The northeasterly line of equal latitude 14°N and longitude 14°E passes through the LGA about 6 km to the southeast of the town of Dukku.

History
The history of Dukku started in the 17th century when Arɗo Sammbo, a leader of Fulani clan and his people with their cattle migrated from Fuuta Jallon in Guinea and settled in the present location. Another oral tradition says that the head of the Fulbe was Arɗo Almoodo or Almuudo.
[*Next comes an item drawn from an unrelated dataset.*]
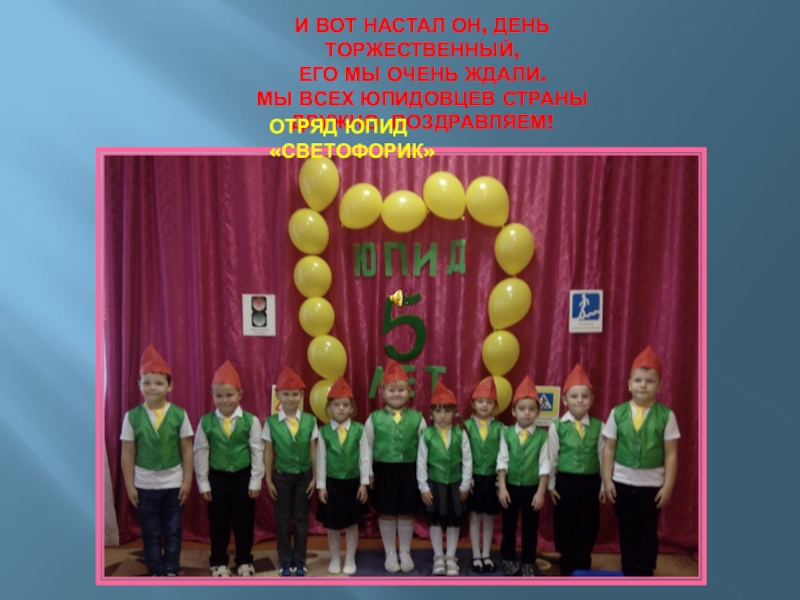 И ВОТ НАСТАЛ ОН, ДЕНЬ ТОРЖЕСТВЕННЫЙ,ЕГО МЫ ОЧЕНЬ ЖДАЛИ.МЫ ВСЕХ ЮПИДОВЦЕВ СТРАНЫ ДРУЖНО ПОЗДРАВЛЯЕМ!ОТРЯД ЮПИД «СВЕТОФОРИК»

Before they finally settled in Dukku, being herders, they wandered around in search of pasture for their animals. They first inhabited in a settlement, according to oral tradition called Kamanei. But they didn't last there because of the tyranny of the king of Kamanei who had a randy male child that would go first to every bride on her bridal night. This custom didn't augur well with the Fulani who settled there, especially one of Arɗo Sambo's son, Yero Nanaro who took an oath that he would slay the prince when the latter came to his bride on their first night. And Yero lived to his promise by slaughtering the prince when he came to their bridal night.
 
This incident forced Arɗo Sammbo and his people to spontaneously leave Kamanei on that night and moved further south, nonstop for weeks until they got to a settlement in Bauchi State, where they divided into three, with one following Arɗo Sammbo or Almuudo moving west until they got to a place called Lumpaaso, some few miles away from present Dukku, at the bank of Gongola River, one of the tributaries of River Benue under the territory of a Bolewa Chief of Kalam named Moi Duja.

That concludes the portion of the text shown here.